The Desert Night Camouflage pattern is a two-color grid camouflage pattern used by the United States military during the Gulf War. It was designed to aid soldiers in concealment from Soviet-based night vision devices (NVDs). The pattern is now considered obsolete due to the increase in capability of foreign night vision devices.

Even with the pattern being obsolete, it has gained interest due to the unusual looks.

History
During the Persian Gulf War, clothing sets in this pattern were issued to U.S. soldiers, designed to be worn over the issued six-color Desert Battle Dress Uniform during nighttime operations.

No night-specific pattern has been created to replace this gear for nighttime use in a desert environment, as advancements in infrared reflectance technology in first the Desert Camouflage Uniform, and finally the Marine Corps Combat Utility Uniform and Army Combat Uniform have eliminated the need for a separate nighttime overgarment.

Design
The DNC's design was made from cross hatches and blotches, which was supposed to break up the wearer's image when looked at through various NVDs. The colors consisted of Axolotl and Laurel Green.
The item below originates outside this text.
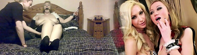 A couple of big-titted blonde heads including Nikki Peach are fucked on the table

The interior of the clothes are made from olive drab green.

The design was made for a parka, overpants and boonie hat.

Criticism

During the Gulf War, one scout/sniper section of a Marine Corps battalion conducted a night test comparing the visibility of the desert night camouflage clothing with six-color desert uniforms and winter overwhites. The night camouflage clothing proved to be more visible than both the day desert uniforms and winter overwhites when viewed though an AN/PVS-5 night vision device.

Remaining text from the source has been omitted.